### Exercise prompt
In the material below, find the span from the line with "Chanderi Silk |" to the line with "朱鹂:中等鸟类,体长23-2" and transcribe only those lines, exactly, ends included, without the pictures.

### Data excerpts
━━━━━━━━━━━━━━━━━━━━━━━━━━━━━━

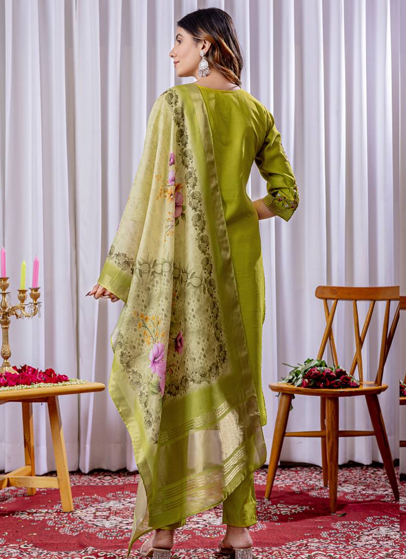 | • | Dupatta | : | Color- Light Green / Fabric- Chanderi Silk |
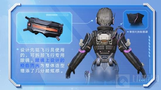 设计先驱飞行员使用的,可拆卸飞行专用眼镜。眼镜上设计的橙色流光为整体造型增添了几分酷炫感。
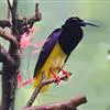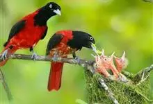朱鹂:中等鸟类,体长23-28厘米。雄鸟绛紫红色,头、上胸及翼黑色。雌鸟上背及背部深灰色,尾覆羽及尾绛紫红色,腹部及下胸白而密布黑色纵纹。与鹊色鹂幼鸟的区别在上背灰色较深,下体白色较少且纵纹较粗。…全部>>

━━━━━━━━━━━━━━━━━━━━━━━━━━━━━━

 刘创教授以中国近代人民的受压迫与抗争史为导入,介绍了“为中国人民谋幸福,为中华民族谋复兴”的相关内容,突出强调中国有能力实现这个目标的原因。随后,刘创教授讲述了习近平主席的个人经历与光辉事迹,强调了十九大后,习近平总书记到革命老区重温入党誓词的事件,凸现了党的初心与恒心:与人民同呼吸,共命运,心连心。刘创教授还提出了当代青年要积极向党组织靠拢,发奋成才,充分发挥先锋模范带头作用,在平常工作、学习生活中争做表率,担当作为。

━━━━━━━━━━━━━━━━━━━━━━━━━━━━━━

### Task output
 | • | Dupatta | : | Color- Light Green / Fabric- Chanderi Silk |
 设计先驱飞行员使用的,可拆卸飞行专用眼镜。眼镜上设计的橙色流光为整体造型增添了几分酷炫感。
朱鹂:中等鸟类,体长23-28厘米。雄鸟绛紫红色,头、上胸及翼黑色。雌鸟上背及背部深灰色,尾覆羽及尾绛紫红色,腹部及下胸白而密布黑色纵纹。与鹊色鹂幼鸟的区别在上背灰色较深,下体白色较少且纵纹较粗。…全部>>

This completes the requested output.